Looking at the listing below, retype exactly the lines starting at the one containing "While playing college" and ending at the one containing "- 易于上传:只需上传您的文件(支持 .xlsx、.xls 和 .csv)。", both included, and nothing else.

- Records provided:
◇ ◇ ◇
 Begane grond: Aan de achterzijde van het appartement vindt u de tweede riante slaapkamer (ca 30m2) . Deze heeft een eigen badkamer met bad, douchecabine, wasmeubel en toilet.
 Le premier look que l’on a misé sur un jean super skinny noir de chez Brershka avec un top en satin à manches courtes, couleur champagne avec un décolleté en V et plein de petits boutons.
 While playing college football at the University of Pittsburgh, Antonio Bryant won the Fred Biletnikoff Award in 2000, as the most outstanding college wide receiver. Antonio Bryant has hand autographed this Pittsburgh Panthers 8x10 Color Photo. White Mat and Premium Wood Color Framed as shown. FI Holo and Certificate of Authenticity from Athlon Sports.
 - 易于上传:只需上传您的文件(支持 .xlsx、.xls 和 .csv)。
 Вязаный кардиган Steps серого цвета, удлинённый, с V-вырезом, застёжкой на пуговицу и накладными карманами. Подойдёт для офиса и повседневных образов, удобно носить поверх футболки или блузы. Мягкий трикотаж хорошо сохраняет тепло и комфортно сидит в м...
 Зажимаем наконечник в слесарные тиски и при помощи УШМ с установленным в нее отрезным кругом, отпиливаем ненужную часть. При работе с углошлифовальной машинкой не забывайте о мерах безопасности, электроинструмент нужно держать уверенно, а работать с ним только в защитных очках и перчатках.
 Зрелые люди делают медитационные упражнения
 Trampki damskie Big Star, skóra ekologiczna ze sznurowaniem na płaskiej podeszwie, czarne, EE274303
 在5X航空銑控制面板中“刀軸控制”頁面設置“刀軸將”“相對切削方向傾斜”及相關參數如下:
◇ ◇ ◇
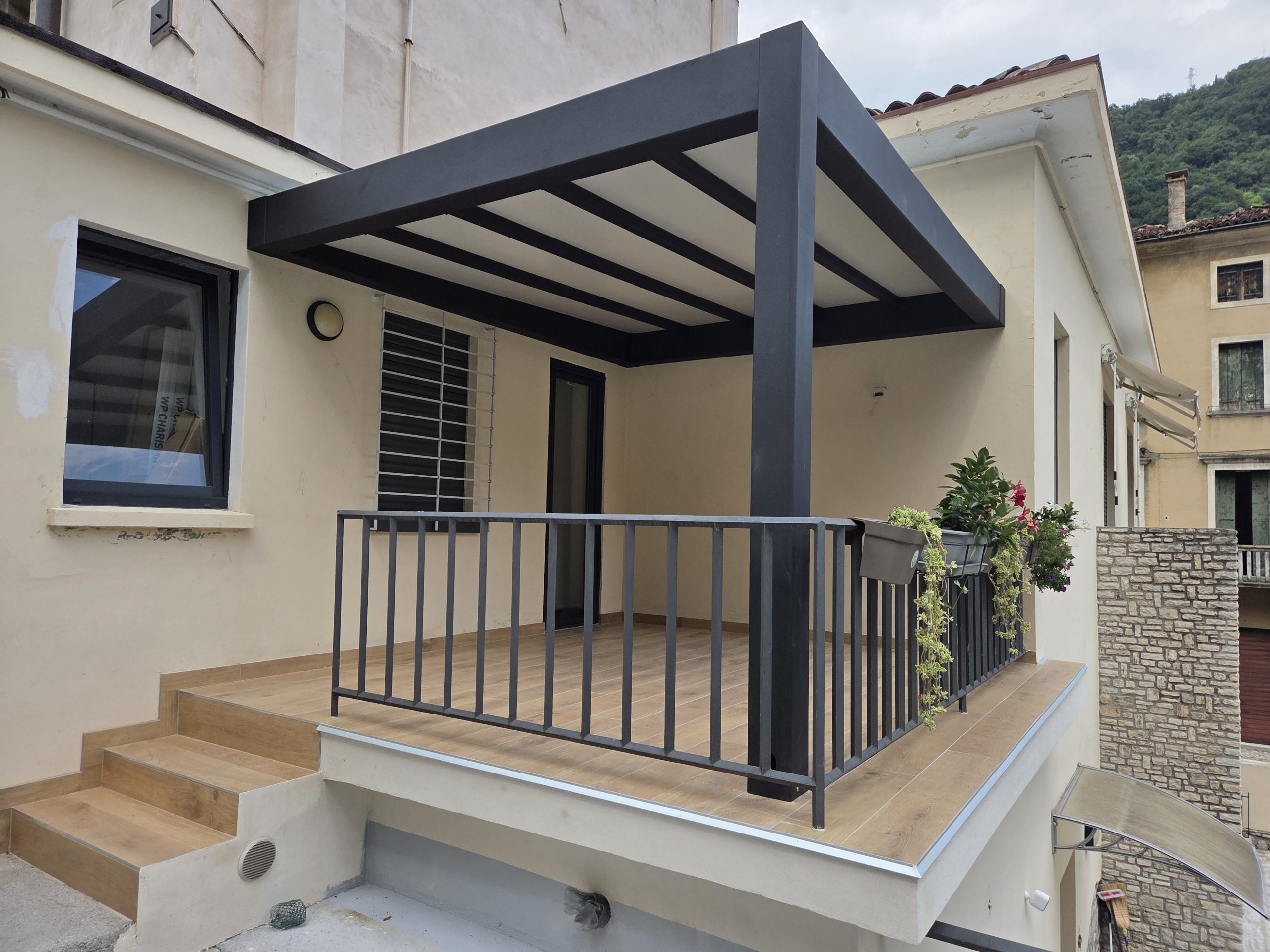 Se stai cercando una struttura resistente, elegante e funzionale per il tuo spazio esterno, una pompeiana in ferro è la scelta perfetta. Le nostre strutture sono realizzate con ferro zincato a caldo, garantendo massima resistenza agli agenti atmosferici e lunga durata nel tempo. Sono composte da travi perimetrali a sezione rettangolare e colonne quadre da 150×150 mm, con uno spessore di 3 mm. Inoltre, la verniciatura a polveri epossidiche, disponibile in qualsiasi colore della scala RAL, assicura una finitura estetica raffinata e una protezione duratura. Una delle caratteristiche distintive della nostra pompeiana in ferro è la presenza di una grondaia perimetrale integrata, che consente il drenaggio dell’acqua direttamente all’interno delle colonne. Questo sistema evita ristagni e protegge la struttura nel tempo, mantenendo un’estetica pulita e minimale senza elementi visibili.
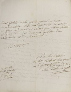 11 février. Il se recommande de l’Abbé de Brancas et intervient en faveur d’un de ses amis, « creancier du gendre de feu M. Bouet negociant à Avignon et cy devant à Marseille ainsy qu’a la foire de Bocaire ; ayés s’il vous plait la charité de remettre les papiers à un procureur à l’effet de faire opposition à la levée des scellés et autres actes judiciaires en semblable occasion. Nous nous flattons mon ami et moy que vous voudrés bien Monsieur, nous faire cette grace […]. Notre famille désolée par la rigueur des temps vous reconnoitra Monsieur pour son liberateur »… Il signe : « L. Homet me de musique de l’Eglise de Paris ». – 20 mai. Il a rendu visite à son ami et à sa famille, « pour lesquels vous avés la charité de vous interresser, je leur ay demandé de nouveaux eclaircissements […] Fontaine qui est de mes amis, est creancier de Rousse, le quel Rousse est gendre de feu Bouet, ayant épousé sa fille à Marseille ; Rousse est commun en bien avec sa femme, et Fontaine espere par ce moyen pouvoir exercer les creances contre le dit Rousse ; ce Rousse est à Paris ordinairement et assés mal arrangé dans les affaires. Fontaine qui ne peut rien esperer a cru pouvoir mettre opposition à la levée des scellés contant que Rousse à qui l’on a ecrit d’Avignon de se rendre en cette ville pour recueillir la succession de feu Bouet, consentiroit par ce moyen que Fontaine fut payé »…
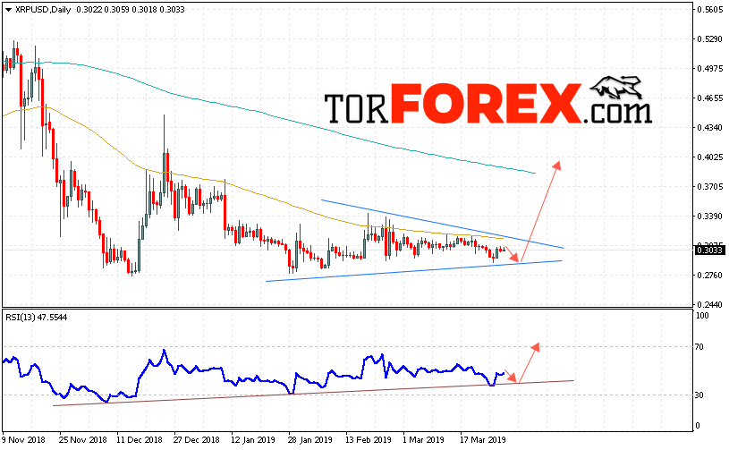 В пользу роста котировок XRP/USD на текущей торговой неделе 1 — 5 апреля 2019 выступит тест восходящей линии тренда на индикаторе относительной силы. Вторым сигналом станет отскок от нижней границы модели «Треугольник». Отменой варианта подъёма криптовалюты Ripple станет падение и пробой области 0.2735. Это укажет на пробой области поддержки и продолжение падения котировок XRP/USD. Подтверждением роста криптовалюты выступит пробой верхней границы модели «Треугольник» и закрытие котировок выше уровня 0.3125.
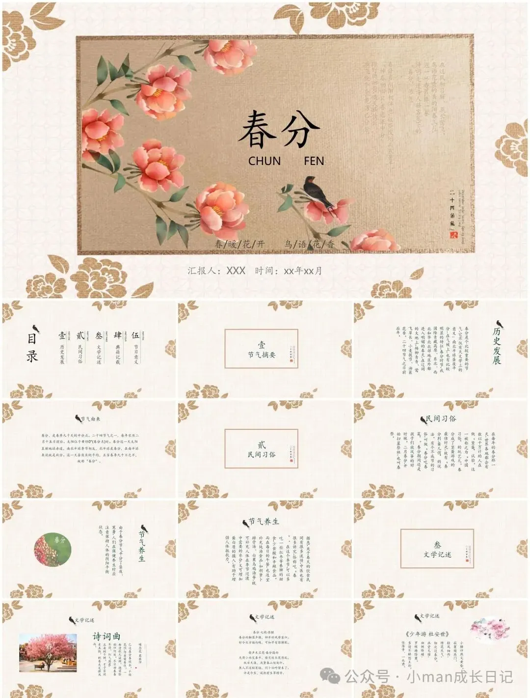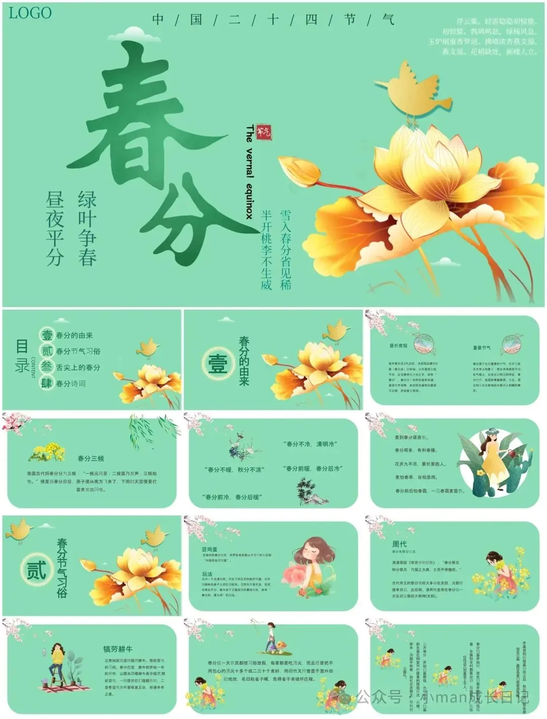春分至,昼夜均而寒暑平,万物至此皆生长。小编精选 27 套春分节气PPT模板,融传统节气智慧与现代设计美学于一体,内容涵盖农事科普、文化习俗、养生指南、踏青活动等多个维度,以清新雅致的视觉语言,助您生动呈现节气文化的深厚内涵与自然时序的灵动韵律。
◇ ◇ ◇
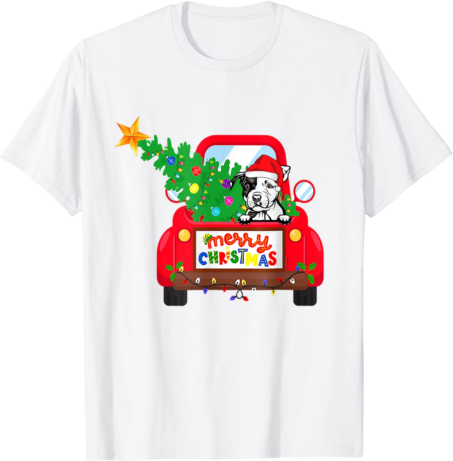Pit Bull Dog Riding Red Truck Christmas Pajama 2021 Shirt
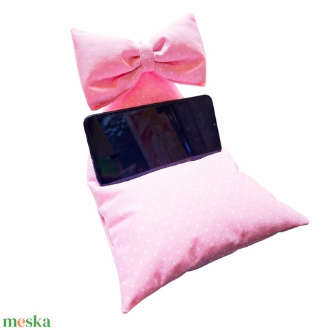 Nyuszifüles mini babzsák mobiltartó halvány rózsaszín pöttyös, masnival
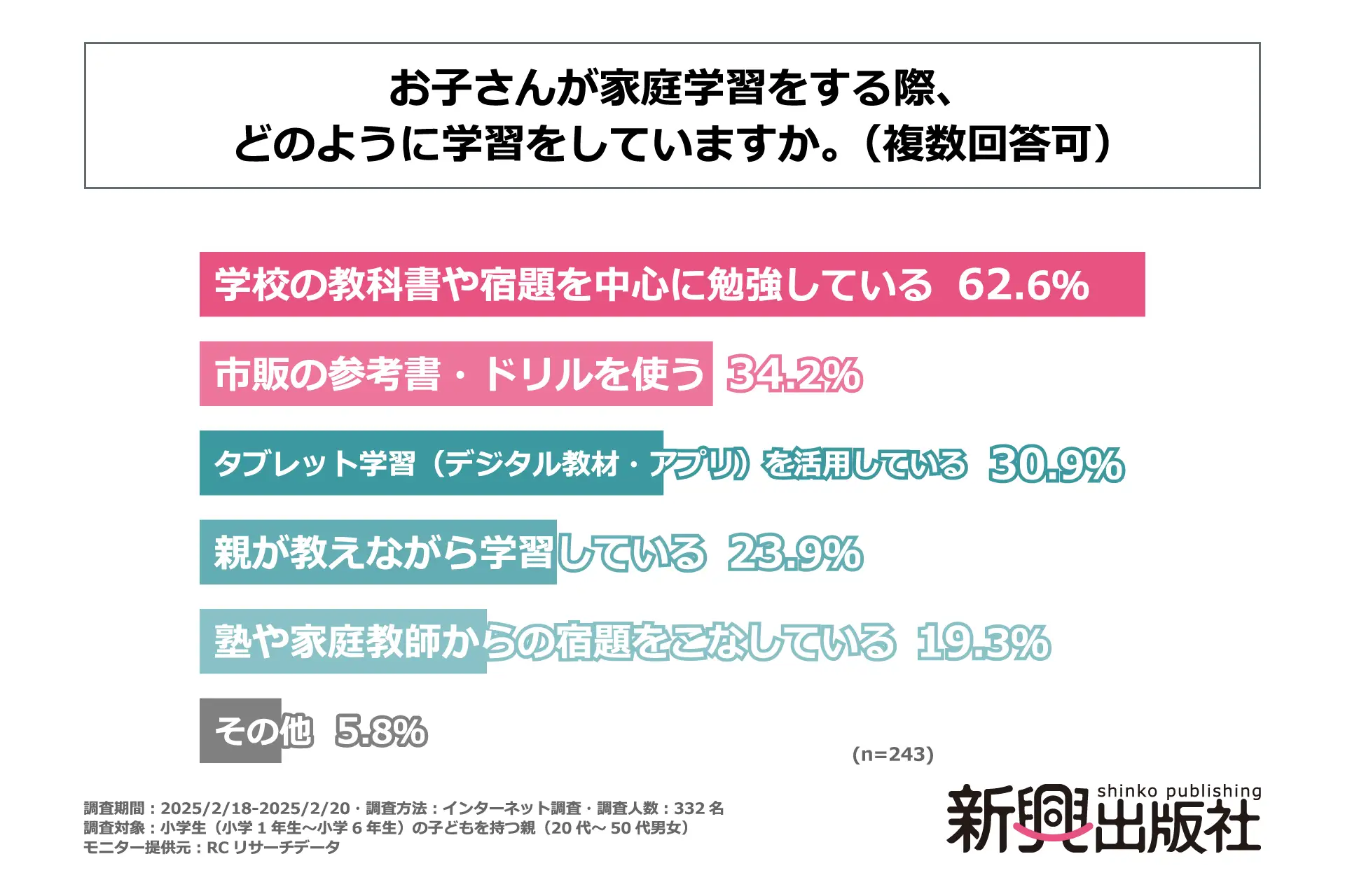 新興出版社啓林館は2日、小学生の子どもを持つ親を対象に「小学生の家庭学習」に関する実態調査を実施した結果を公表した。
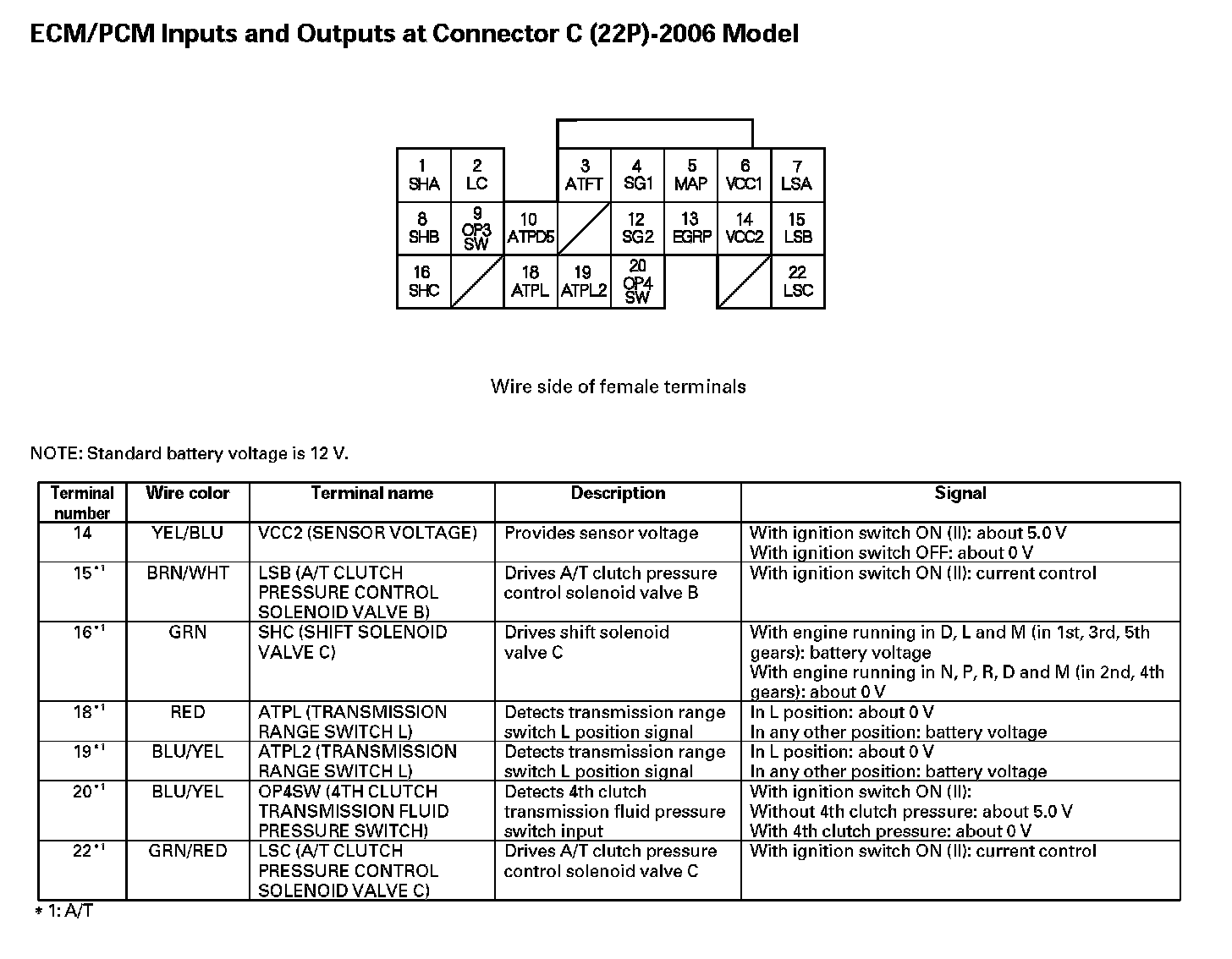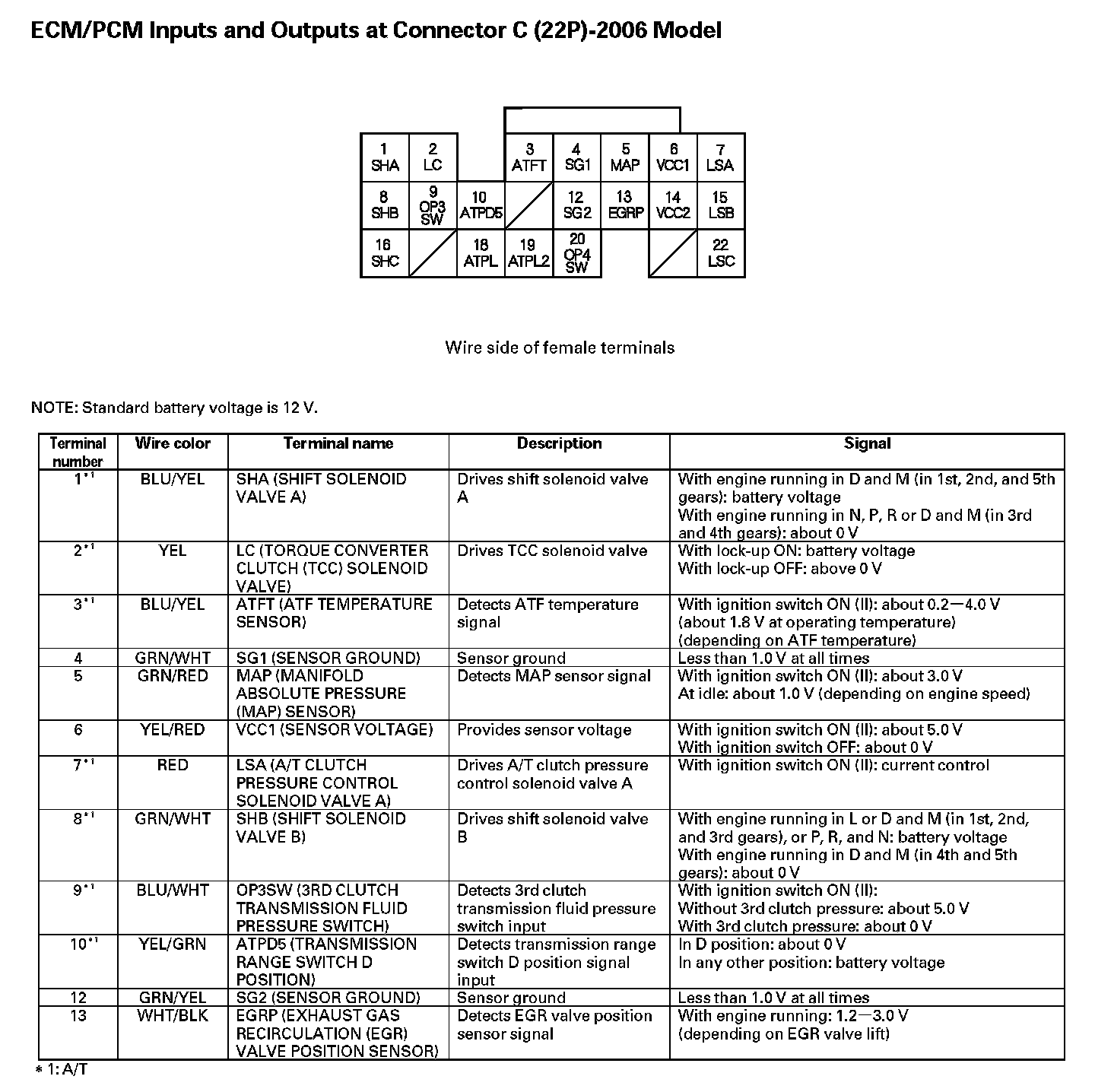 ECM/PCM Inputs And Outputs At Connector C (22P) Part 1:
◇ ◇ ◇
- Solution to this task:
 While playing college football at the University of Pittsburgh, Antonio Bryant won the Fred Biletnikoff Award in 2000, as the most outstanding college wide receiver. Antonio Bryant has hand autographed this Pittsburgh Panthers 8x10 Color Photo. White Mat and Premium Wood Color Framed as shown. FI Holo and Certificate of Authenticity from Athlon Sports.
 - 易于上传:只需上传您的文件(支持 .xlsx、.xls 和 .csv)。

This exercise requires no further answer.